The code is written in C#, and made for the Unity engine. If you want just the Delaunay/Voronoi parts, they’re in the Assets/Plugins/Delaunay folder. They’re not quite as polished as I would like, but I would say that they’re suitable for production. If you use it and have any problems, let me know! In fact, if you use it at all, I’d really appreciate hearing about it!
I’m generating the Delaunay triangulation using the incremental algorithm (Bowyer-Watson), and generating the voronoi diagram from the delaunay triangulation. You can also clip the voronoi diagram to any convex shape (it uses Sutherland-Hodgman clipping, adapted to voronoi diagrams).
The fact that you can clip to any convex shape is neat, because it means you can “recursively” generate voronoi diagrams, so you can shatter already generated voronoi shards.
All the “generator” classes (the delaunay generator, the voronoi generator, and the voronoi clipper) are designed in such a way as to not generate any garbage if they are reused (though I’m currently not doing that in the example code). If you were to do this in a real game, it would be suitable to run the generators on background threads, though they’re certainly performant enough to run in real time in a single-threaded environment.
I was going to develop this a bit further, but the limiting factor in this kind of destruction effect is the physics. If you generate these kinds of shards and let them pile up, the physics engine basically implodes. Given that that was the limitation, I sort-of lost interest in the project. As such, the non-Delaunay/Voronoi parts of the code are super-unoptimized and kind of a mess :)
It was an interesting experience to implement Bowyer-Watson, because I realized that virtually every implementation I could find online was wrong. The algorithm generates a Delaunay triangulation by first creating one big “container” triangle, and then iteratively adding sites to it splitting the big triangle into smaller triangles. However, the algorithm is only accurate if two of the vertices of the containing triangle are outside every circumcircle formed by any three points in the set points (the third vertex must be a “corner vertex” of sorts). Many implementations solve this by placing the vertices of the corners some large distance away, or by using some formula that guarantees that the triangle completely surrounds all the points (such as here or here).
This is a mistake. It’s not enough that the “super” triangle surrounds all the points, you have to guarantee that the two vertices are outside every possible circumcircle of any three points, and these circumcircles can very easily become huge. In fact, if three points are collinear, the “circumcircle” is essentially an infinite half-plane. Even if no three points are collinear, if they’re even close to collinear, the radius of the circle is massive. If you don’t account for this, the delaunay triangulation will not be correct. One easy way to spot incorrect implementations is that the the convex hull will not be part of the triangulation, and the convex hull is always part of the Delaunay triangulation. Virtually every implemention of this algorithm i could find online made this mistake, and you can often see it in the visualizations (here, for instance).
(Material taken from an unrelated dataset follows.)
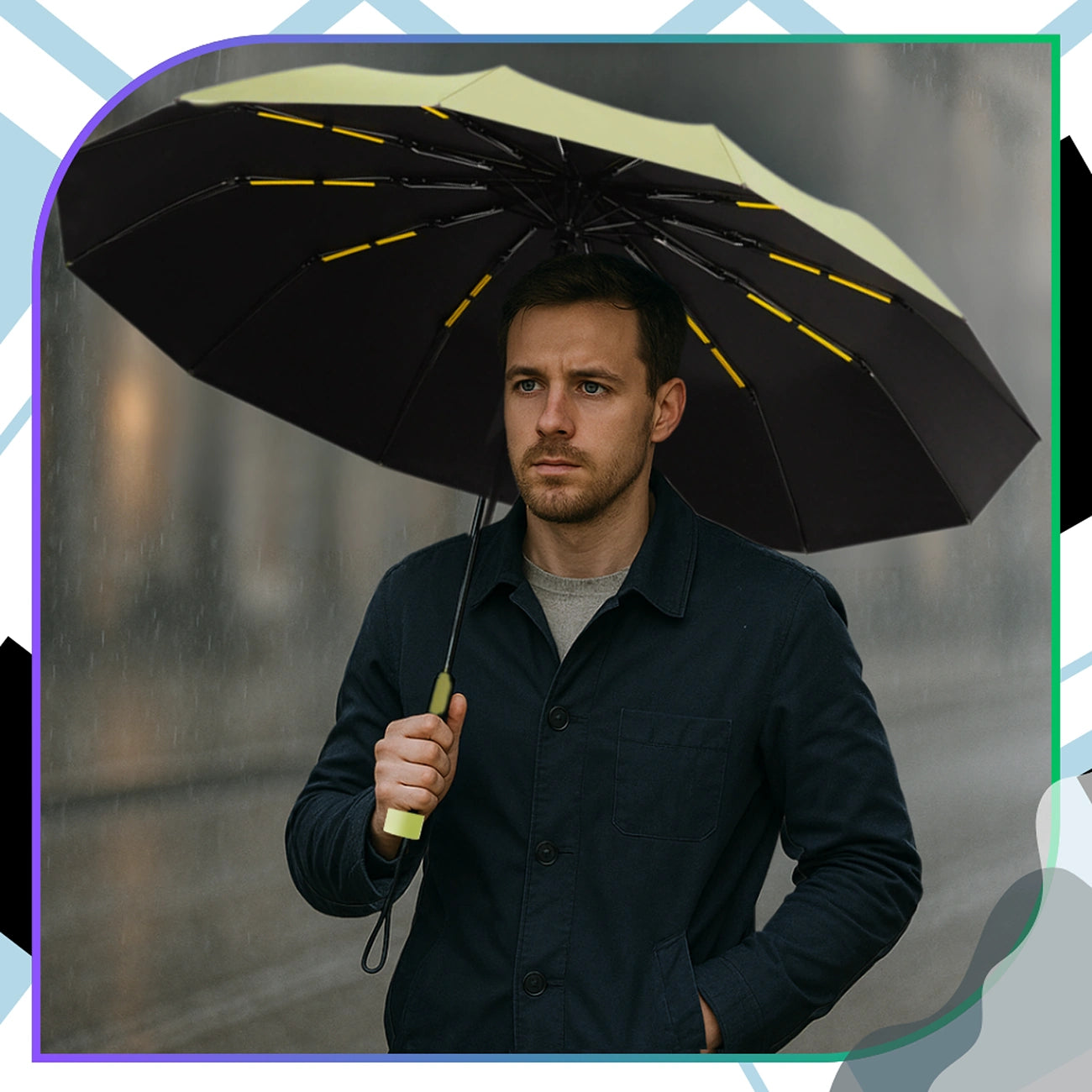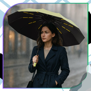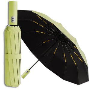 Nekādu kompromisu starp stilu, izturību un funkcionalitāti – šis jaunais automātiskais lietussargs ar zaļu ārpusi, melnu iekšpusi un oranžiem akcentiem ir lieliski piemērots jebkuriem laikapstākļiem. Konstrukcija ar dubultajiem stieņiem nodrošina maksimālu stabilitāti pat stiprā vēja laikā. 12 stieņi veido plašu, stabilu kupolu ar 105 cm diametru, efektīvi aizsargājot vienu vai divas personas. Hidrofobisks audums ne tikai atgrūž ūdeni, bet arī bloķē UV starus, padarot lietussargu piemērotu arī kā saules aizsargu. Ergonomisks rokturis un automātiskās pogas funkcija ļauj viegli un ātri atvērt vai salocīt lietussargu. Salocīts garums ir tikai 28 cm, tāpēc tas ērti ievietojams somā, mugursomā vai portfelī.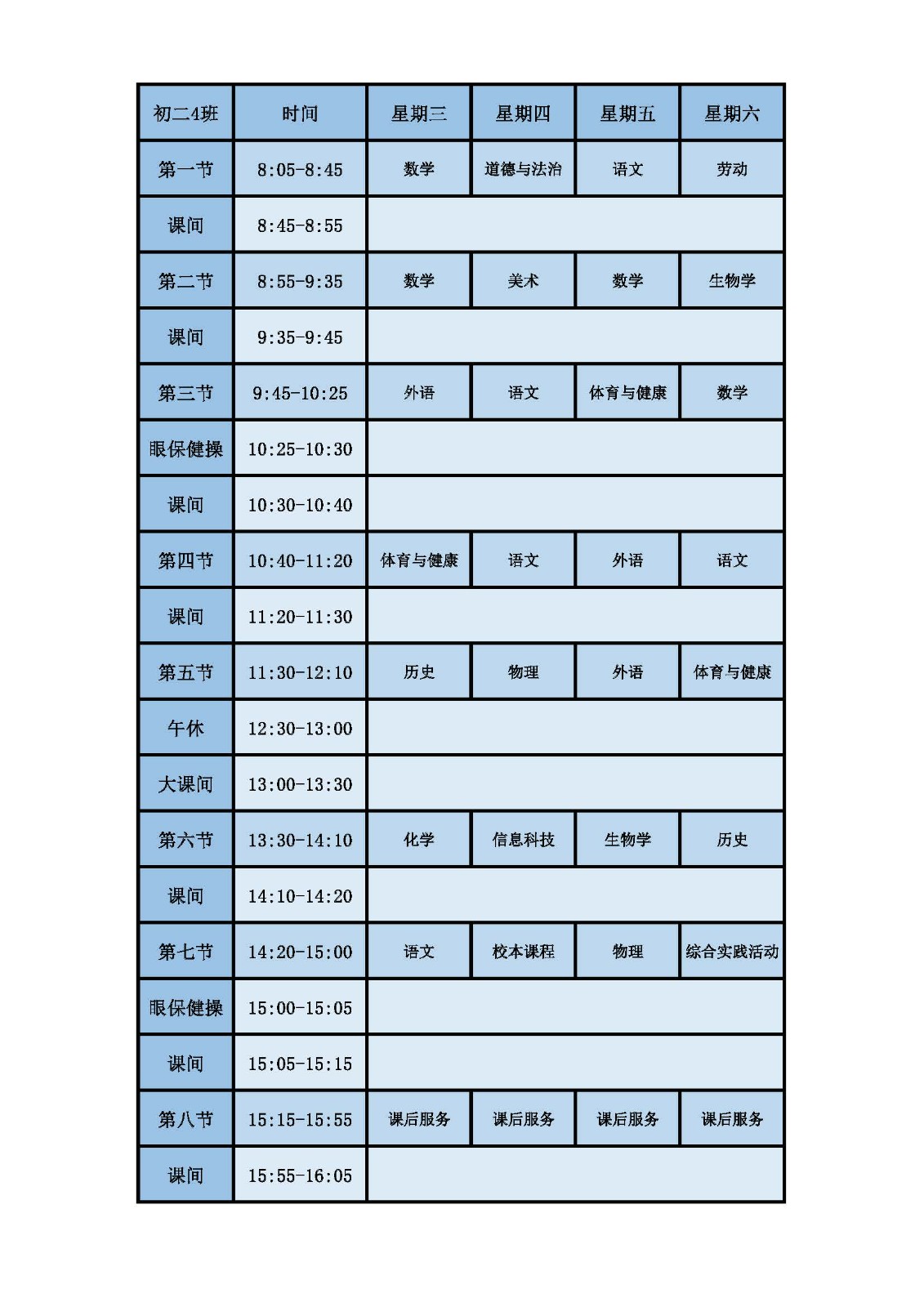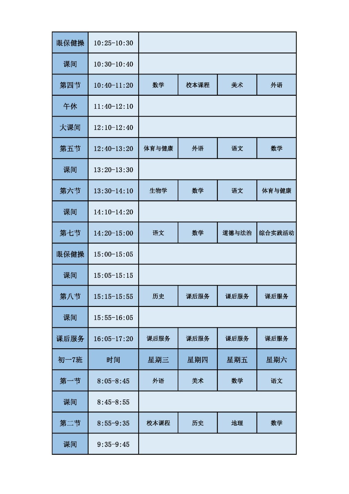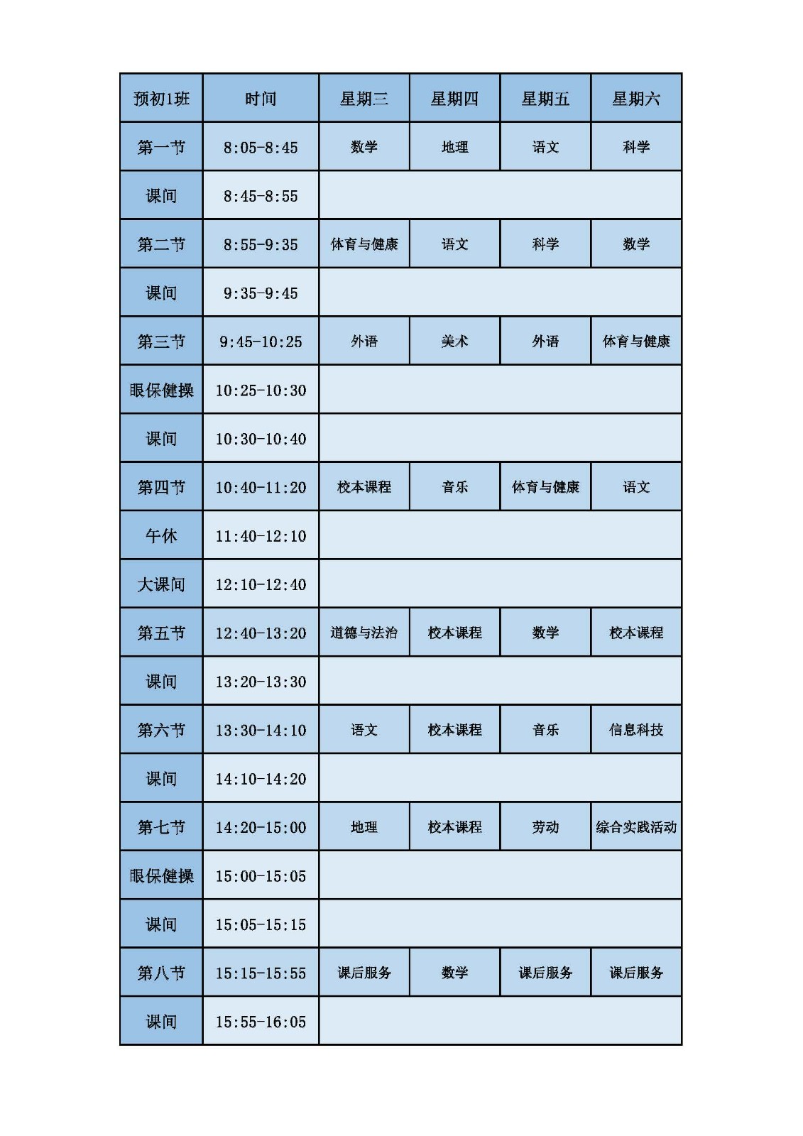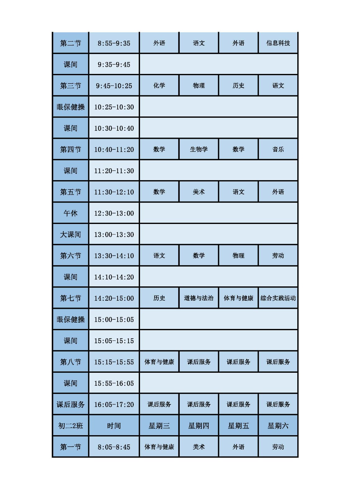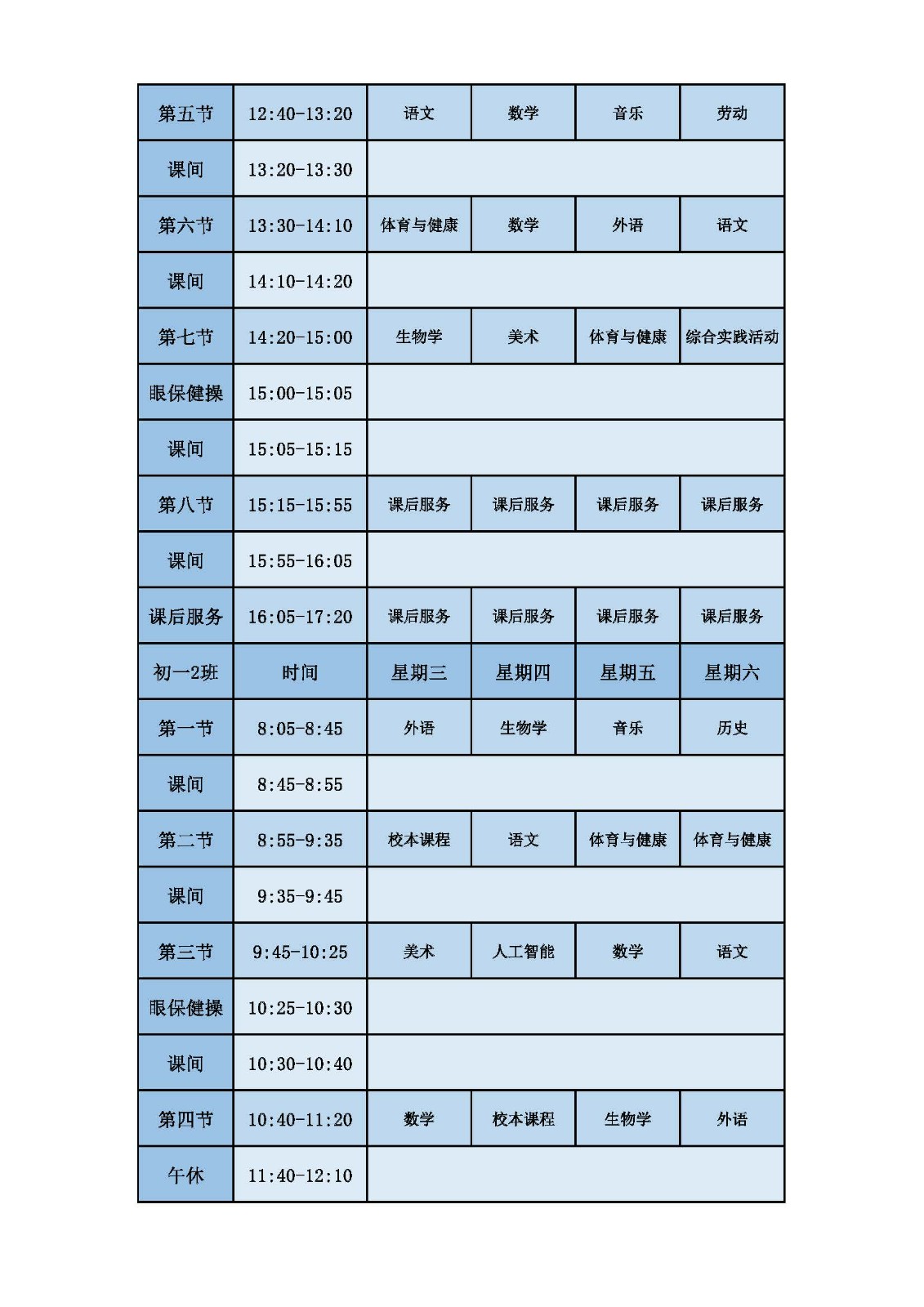 2025学年第二学期第十周课表

To do it right, you have to treat the vertices of the surrounding triangle as “symbolic” points. One way of thinking about them is that they’re sort of “infinitely” far away, but it’s more correct to say that they’re points with special rules for how they’re compared to the rest of the points. Computational Geometry: Algorithms and Applications describes this approach, but even they are wrong in one small detail: the test on the bottom on page 204 is wrong.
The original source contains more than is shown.